Data extract:
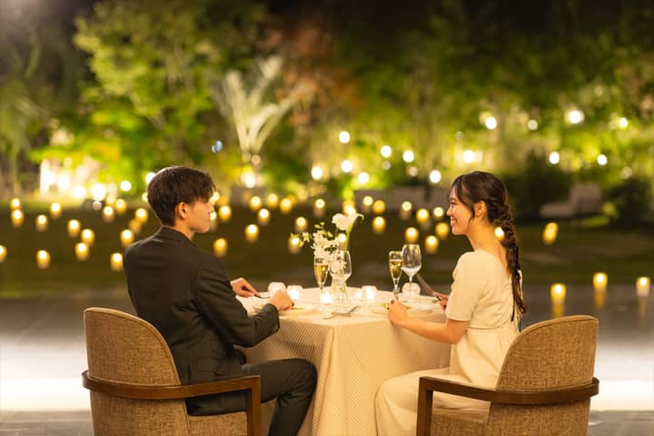 豊かな木々に包まれながら、水のせせらぎを感じるチャペルで、おふたりだけの特別な想い出のひとときを。また、幻想的に煌めくキャンドル演出も可能です。
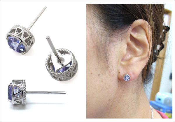 12月誕生石タンザナイトを一粒使用した唐草模様のプラチナ製ピアスです。
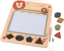 L’ensemble comprend également 4 tampons magnétiques – cercle, carré, triangle et pentagone. Les enfants apprennent ainsi de manière ludique les formes géométriques de base et développent leur perception spatiale. La finition en bois est agréable au toucher et résistante à une utilisation quotidienne.

Problem details: Please write out every line of the listing above exactly, and leave the images behind.

Expected answer:
 豊かな木々に包まれながら、水のせせらぎを感じるチャペルで、おふたりだけの特別な想い出のひとときを。また、幻想的に煌めくキャンドル演出も可能です。
 12月誕生石タンザナイトを一粒使用した唐草模様のプラチナ製ピアスです。
 L’ensemble comprend également 4 tampons magnétiques – cercle, carré, triangle et pentagone. Les enfants apprennent ainsi de manière ludique les formes géométriques de base et développent leur perception spatiale. La finition en bois est agréable au toucher et résistante à une utilisation quotidienne.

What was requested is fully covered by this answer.